Sometimes I sit down to edge the timeline forward a few more minutes. Nothing comes. Tonight is one of those moments, hence the blogging. What’s writer’s block for audio? Then other times, unexpectedly, wham. The words you’ve listened to so many times form into something perfect in your head, or suggest a new way of being arranged and you’re sailing through, smiling at how easy it is. << I just broke off here to go and try something else I just thought of. It didn’t work. Compare that to a mad idea I had on the train the other day. Fired up ProTools on my MacBook and did it there and then and was giggling to myself like a lunatic at how amazing it sounded. >>

4. Edit, edit, and edit again.

No-one will ever know what you took out. Every second is precious, so lose stuff that sucks the blood out of the radio. After the first edit above, when you thought every crafted clip was sounding beautiful, you listen through again and hear whole sentences, phrases, words that add nothing. Out!

5. Have talented friends.

You need confidence in your judgement. And friends. I’ve played little bits to people whose judgement I respect – not to mention my awesome Exec Producer, Jo. All indie BBC shows have these. They’re your second pair of ears, a critical friend to keep you on track and to pick you up on compliance.

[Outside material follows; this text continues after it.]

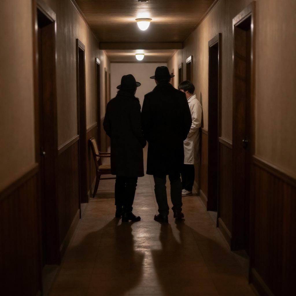 Photograph of a dimly lit, narrow, wooden hallway with tiled floors. Two people in dark coats and hats stand close together near the center, while a third person in white stands further back. Overhead lights cast a warm glow, and a vintage chair is visible in the background.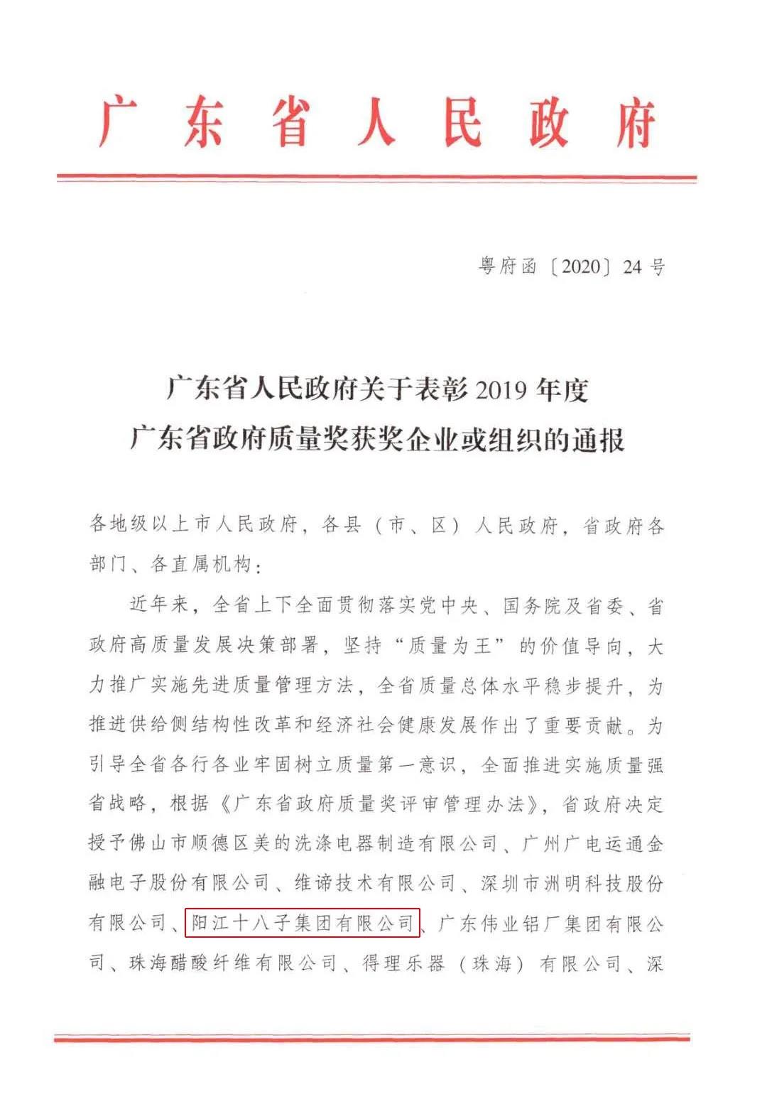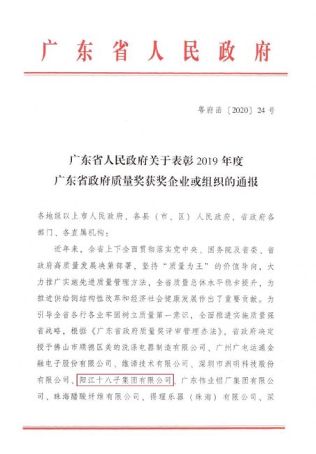 近日,廣東省人民政府發(fā)布了《關(guān)于表彰2019年度廣東省政府質(zhì)量獎獲獎企業(yè)或組織的通報》,10家企業(yè)榮獲2019年度廣東省政府質(zhì)量獎,其中,陽江十八子集團有限公司榮膺上榜,成為廣東粵西地區(qū)首家獲此殊榮的企業(yè)。

You need time too. Time to go away and come back (like tonight). Time is running out though. On Monday, I take my Lacie drive to another talented collaborator, Eloise, who’s a sound designer. I don’t think she’ll be thrilled if I’m umming and arring about the order, when she’s sitting there waiting to go to work with her plug-ins, polishing the audio and make it sing like an Ood.

So. 1110 words and no spoilers. And it’s after midnight. Time for bed, and to come back to it fresh tomorrow. Somewhere in the time vortex, the Story of Trock is materialising. But now I need to sleep.

Somewhere on here is an hour of radio about my favourite TV show in the World.

Somewhere on here is an hour of radio about my favourite TV show in the World.

The Story of Trock is a 2ZY production for BBC Radio 1, part of the fiftieth birthday celebrations of Doctor Who


We now have a transmission date. You can hear The Story of Trock at 2100 on 25 November on BBC Radio 1, and for seven days thereafter on the BBC iPlayer.